Work item |
Copy the lines below word for word, skipping any image.
Start of Available data
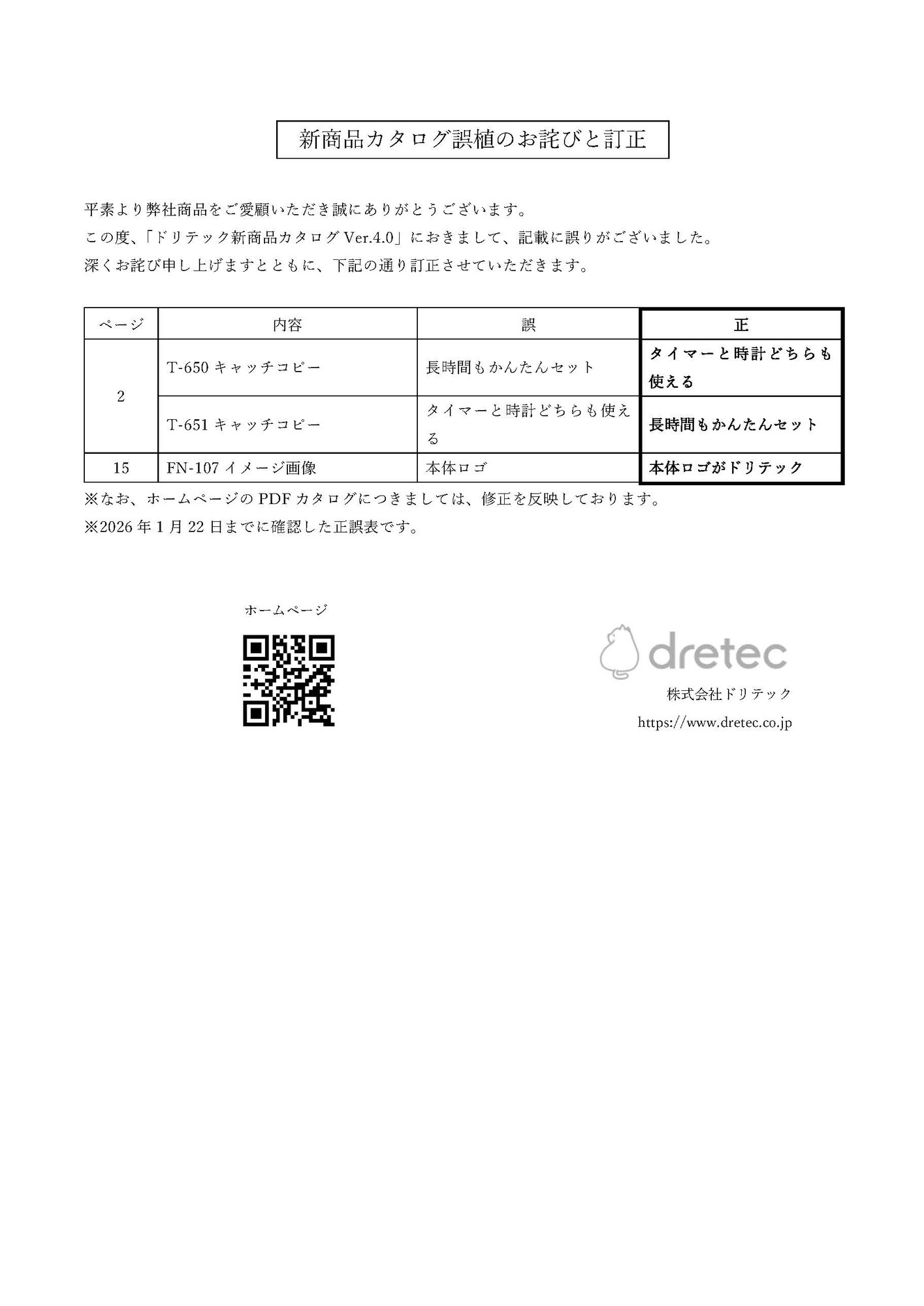 「新商品カタログ Vol.4.0」カタログ誤植のお詫びと訂正
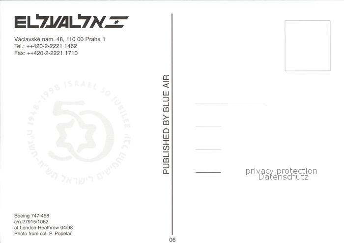 Flugzeuge Zivil EL AL Boeing 747-458 c/n 27915/1062 postalisch nicht gelaufen Erhaltung siehe scans
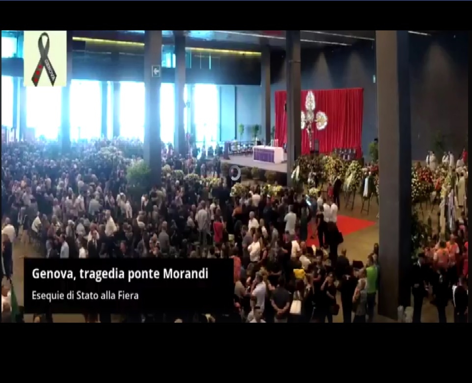 18 agosto 2018 – In diretta dalla “Fiera di Genova”, trasmettiamo la cerimonia dei Funerali di Stato per le vittime di ponte Morandi, alla presenza del presidente della Repubblica Sergio Mattarella e celebrati dal cardinale Angelo Bagnasco arcivescovo del capoluogo ligure.
End of Available data
Task response |
 「新商品カタログ Vol.4.0」カタログ誤植のお詫びと訂正
 Flugzeuge Zivil EL AL Boeing 747-458 c/n 27915/1062 postalisch nicht gelaufen Erhaltung siehe scans
 18 agosto 2018 – In diretta dalla “Fiera di Genova”, trasmettiamo la cerimonia dei Funerali di Stato per le vittime di ponte Morandi, alla presenza del presidente della Repubblica Sergio Mattarella e celebrati dal cardinale Angelo Bagnasco arcivescovo del capoluogo ligure.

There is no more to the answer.